Ralph Fiennes turned his back on Hollywood after Schindler's List and The English Patient, in order to appear in films like this that demand serious effort from an actor. His performance makes Tom Hanks in Forrest Gump look cute and Dustin Hoffman in Rain Man self-consciously mannered.

Told through the mind's eye of a schizophrenic, Spider teases the audience with intimations of reality, as the man struggles in vain against the iron discipline of Mrs Wilkinson's (Lynn Redgrave at her withering best) halfway house in London's East End.

He revisits his 10-year-old self (Bradley Hall), loving mother (Richardson) and plumber dad (Gabriel Byrne), who spends his evenings at the pub, flirting with the busty flamboyant Yvonne (Richardson). The boy's life changes forever when this tarty good-time girl replaces his mother in the family home and he decides to take matters into his own hands.
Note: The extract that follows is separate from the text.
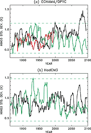 Secondly, will El Niño variability (the amplitude and/or the frequency of temperature swings in the equatorial Pacific) increase or decrease? Attempts to address this question using climate models have again shown conflicting results, varying from slight decreases or little change in amplitude (Tett 1995; Knutson et al., 1997; Noda et al., 1999b; Collins, 2000b; Washington et al., 2001; Figure 9.26b) to a small increase in amplitude (Timmermann et al., 1999; Collins, 2000a; Figure 9.26a), which has been attributed to an increase in the intensity of the thermocline in the tropical Pacific. Knutson et al. (1997) and Hu et al. (2001) find that the largest changes in the amplitude of ENSO occur on decadal time-scales with increased multi-decadal modulation of the ENSO amplitude. Several authors have also found changes in other statistics of variability related to ENSO. Timmermann et al. (1999) find that the interannual variability of their model becomes more skewed towards strong cold (La Niña type) events relative to the warmer mean climate. Collins (2000a) finds an increased frequency of ENSO events and a shift in the seasonal cycle, so that the maximum occurs between August and October rather than around January as in the unperturbed model and the observations. Some recent coupled models have achieved a stable climate without the use of flux adjustments and an important question to ask is what is the effect of flux adjustment on changes in variability. Collins (2000b) finds different responses in ENSO in two models, one of which has been run without the use of flux-adjustments. However, he concludes that differences in response are most likely to be due to differences in the response of the meridional temperature gradient in the two models arising from different cloud feedbacks (Williams et al., 2001) rather than due to the presence or absence of flux adjustment.

In many respects Patrick McGrath's novel is too subtle for cinema, as it investigates the damage done to a young mind by trauma and heightened imagination. Fiennes remains locked into the mumbling, shuffling shell of a man who has never known freedom of expression, except when scribbling insect words into a notebook.

Richardson is magnificent in all her manifestations, while Byrne has the hardest task of appearing villainous and normal at the same time. Cronenberg is not playing tricks, neither does he indulge in horror.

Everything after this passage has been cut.